Все здесь было сработано даже не на века, а на тысячелетия: камни старого дома диктовали свой временной ритм. И стол под навесом был циклопическим. – Пиры Мельхиора тут впору устраивать, – заметил Кордовин. – Ачто ты думал, вот в сезон, в августе, у нас собираются до пяти семей, все с детьми. Такой ор стоит, не соскучишься. Сейчас здесь только одна молодая пара, американцы. С утра уехали, вернутся поздно – дело молодое, туристы… они, знаешь, сильные и упрямые, как ослы. Марио то и дело отлучался к барбекю: фьерентина – говяжий бифштекс на углях – была его коньком и угощением для особо симпатичных гостей.

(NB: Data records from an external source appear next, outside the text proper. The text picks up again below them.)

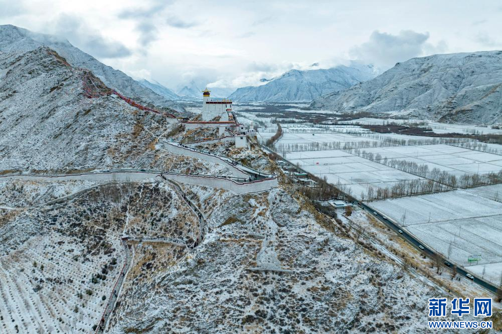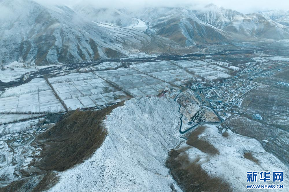 2月15日拍攝的雪后雍布拉康和山腳下的村莊(無人機照片)。新華網 旦增努布 攝
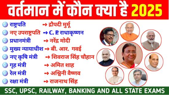 जानिए “वर्तमान में कौन क्या है 2025” की पूरी अपडेटेड सूची — भारत के राष्ट्रपति, प्रधानमंत्री, मुख्यमंत्री, राज्यपाल, सुप्रीम कोर्ट के मुख्य न्यायाधीश, प्रमुख आयोगों व संस्थानों के प्रमुख एक ही जगह पर। प्रतियोगी परीक्षाओं के लिए महत्वपूर्ण।
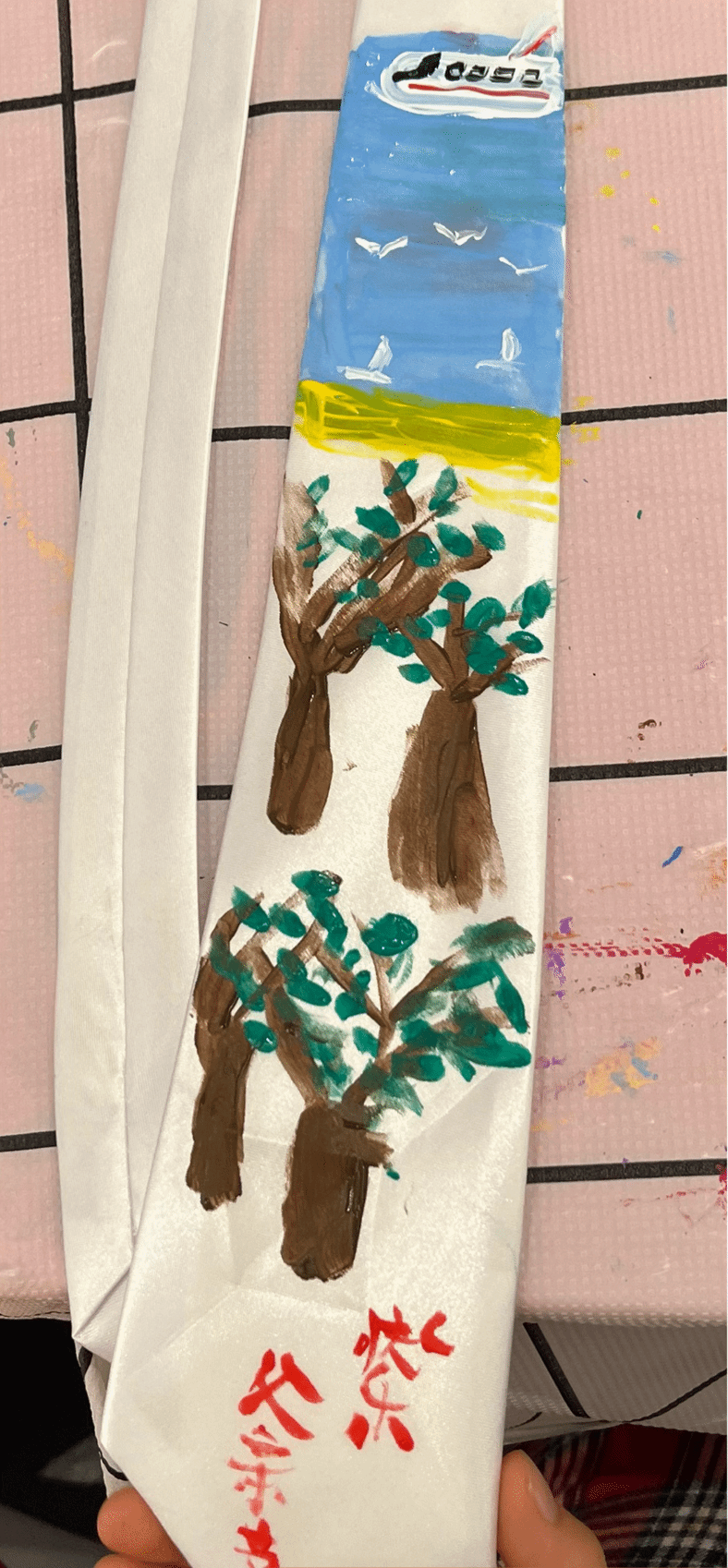 广医三院泌尿外科邓楠:“我的行李主要带了一些个人物品和给外方的礼品,其中对我来说有一件比较有意义的物件,那就是去年父亲节,我儿子给我手绘的一条领带。”
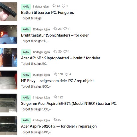 Ikke testet, selges til reparatører eller som deler.
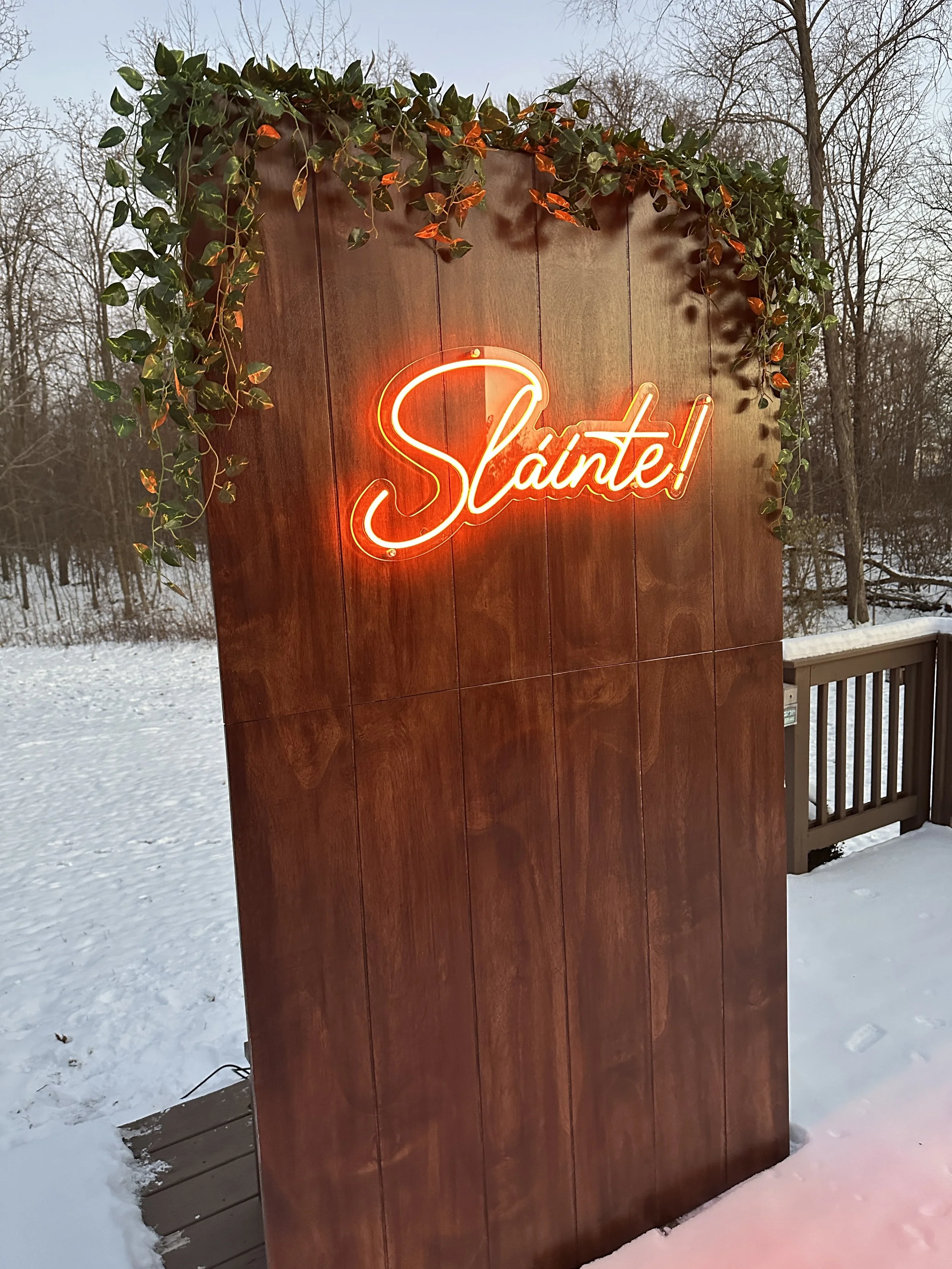 A 7 ft. tall warm, rustic backdrop designed for the perfect party photo. This large wooden wall features stained wood, cascading ivy, and a glowing Sláinte neon sign — ideal for guest selfies, group shots, and Instagram-worthy moments all night long.
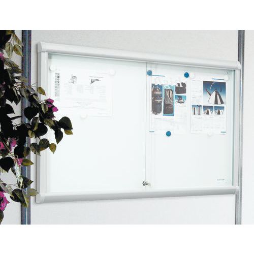 Vitrina de exposição interior com estrutura em alumínio anodizado e portas corrediças bloqueáveis através da fechadura frontal. Fundo em chapa lacada, permitindo uma escrita apagável a seco e a fixação de documentos com relevos magnéticos. Porta em vidro Securit transparente de 4 mm que proporciona uma elevada resistência a impactos e a choques térmicos. A vantagem do vidro Securit é que, em caso de quebra, este fragmenta-se em pedaços pequenos para evitar acidentes.
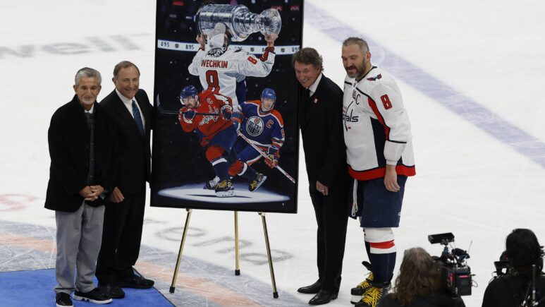بينما دخل Ovechkin إلى غرفة الخزانة بعد هزيمة 4-1 ضد أيسلندا في نيويورك ، كان زملائه في الفريق لا يزالون في مزاج احتفالي بعد وفاته واين جريتزكي لقائمة أهداف NHL في كل العصور.
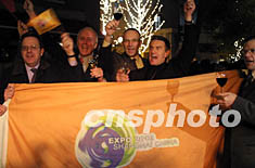 十二月三日,中國(guó)等二○一○年世博會(huì)五個(gè)申辦國(guó)的形象大使身著民族服裝在摩納哥國(guó)際展覽局會(huì)議場(chǎng)館外友好合影。作者:崔煜芳
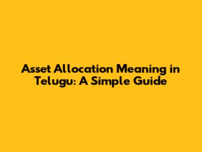 Asset Allocation Meaning In Telugu: A Simple Guide

А пока на решетке, истекая соком, шкворчали огромные ломти пунцового мяса, на столе уже стояли миска с подрумяненной и политой оливковым маслом брускеттой, теплым легким хлебом (хрусткая корочка, нежнейшая белая мякоть внутри); тарелка с паштетом и непременный пинцимонио:
нарезанные брусками морковь, перцы, сельдерей, и соусник к нему, с пряной смесью оливкового масла и виноградного уксуса. И домашнее красное вино, густое и насыщенное, – легко пилось, не тяжеля головы.
По мере того как окрестные холмы погружались в густые, нежно оркестрованные музыкой насекомых сумерки, купол неба вздымался все выше, будто тянулся увидеть бледные островки уходящего света.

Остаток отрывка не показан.